## [Problem description]
Of the material below, the lines to be retyped are those from the line containing "ทั้งนี้ทางด้าน บุ๋ม ปนัดดา" through the line containing "Per ulteriori informazioni", inclusive; reproduce them exactly.

## [Data in this exercise]
- Opening Delimiter -

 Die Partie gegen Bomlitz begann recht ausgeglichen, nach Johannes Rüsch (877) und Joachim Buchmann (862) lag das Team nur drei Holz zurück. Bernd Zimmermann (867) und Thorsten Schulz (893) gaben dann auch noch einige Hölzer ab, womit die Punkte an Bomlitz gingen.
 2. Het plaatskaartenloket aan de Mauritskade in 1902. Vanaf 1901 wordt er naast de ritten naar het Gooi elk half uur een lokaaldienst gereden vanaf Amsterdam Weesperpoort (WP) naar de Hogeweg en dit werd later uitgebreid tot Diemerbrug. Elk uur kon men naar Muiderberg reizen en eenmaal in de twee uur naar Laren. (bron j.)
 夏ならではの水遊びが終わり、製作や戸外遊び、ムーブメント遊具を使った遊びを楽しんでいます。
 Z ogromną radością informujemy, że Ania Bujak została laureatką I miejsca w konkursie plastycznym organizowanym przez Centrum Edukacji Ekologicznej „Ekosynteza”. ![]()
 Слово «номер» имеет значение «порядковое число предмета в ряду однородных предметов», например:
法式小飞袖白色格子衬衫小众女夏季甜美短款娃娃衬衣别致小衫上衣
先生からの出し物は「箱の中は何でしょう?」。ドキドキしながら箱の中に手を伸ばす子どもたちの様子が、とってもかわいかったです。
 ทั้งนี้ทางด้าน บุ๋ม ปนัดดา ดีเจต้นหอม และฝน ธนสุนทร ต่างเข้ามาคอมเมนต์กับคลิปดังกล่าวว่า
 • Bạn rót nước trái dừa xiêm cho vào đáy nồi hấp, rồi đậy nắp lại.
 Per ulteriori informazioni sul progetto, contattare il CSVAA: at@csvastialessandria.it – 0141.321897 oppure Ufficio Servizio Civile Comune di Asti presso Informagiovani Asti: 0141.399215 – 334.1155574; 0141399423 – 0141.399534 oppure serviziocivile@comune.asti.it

- Closing Delimiter -
- Opening Delimiter -

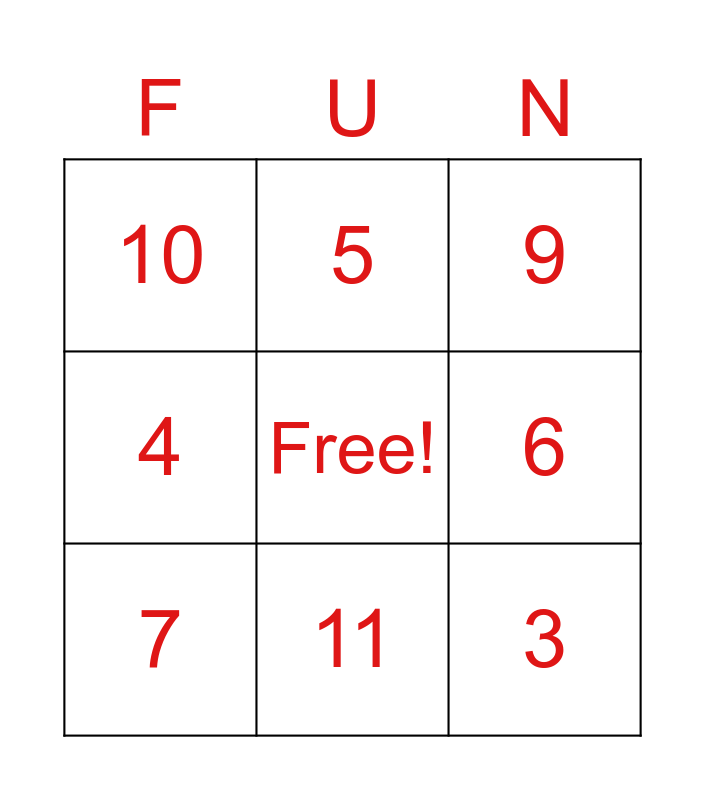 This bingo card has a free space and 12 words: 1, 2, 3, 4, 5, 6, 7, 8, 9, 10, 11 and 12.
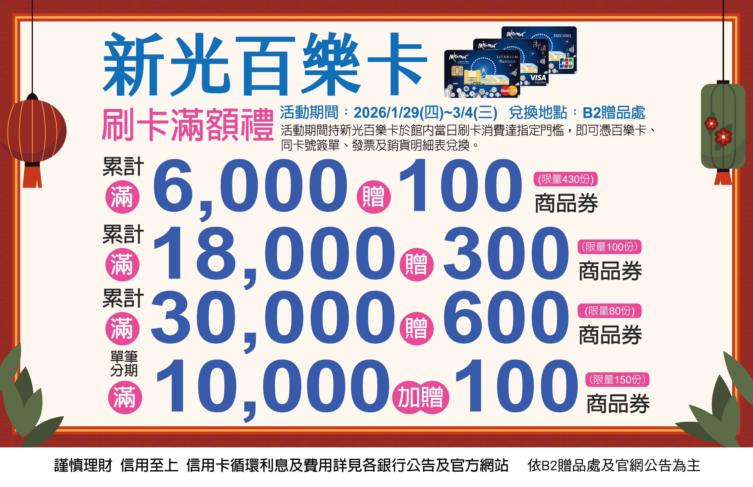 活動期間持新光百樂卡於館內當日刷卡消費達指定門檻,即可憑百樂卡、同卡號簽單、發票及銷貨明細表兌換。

- Closing Delimiter -

## [Response to this exercise]
 ทั้งนี้ทางด้าน บุ๋ม ปนัดดา ดีเจต้นหอม และฝน ธนสุนทร ต่างเข้ามาคอมเมนต์กับคลิปดังกล่าวว่า
 • Bạn rót nước trái dừa xiêm cho vào đáy nồi hấp, rồi đậy nắp lại.
 Per ulteriori informazioni sul progetto, contattare il CSVAA: at@csvastialessandria.it – 0141.321897 oppure Ufficio Servizio Civile Comune di Asti presso Informagiovani Asti: 0141.399215 – 334.1155574; 0141399423 – 0141.399534 oppure serviziocivile@comune.asti.it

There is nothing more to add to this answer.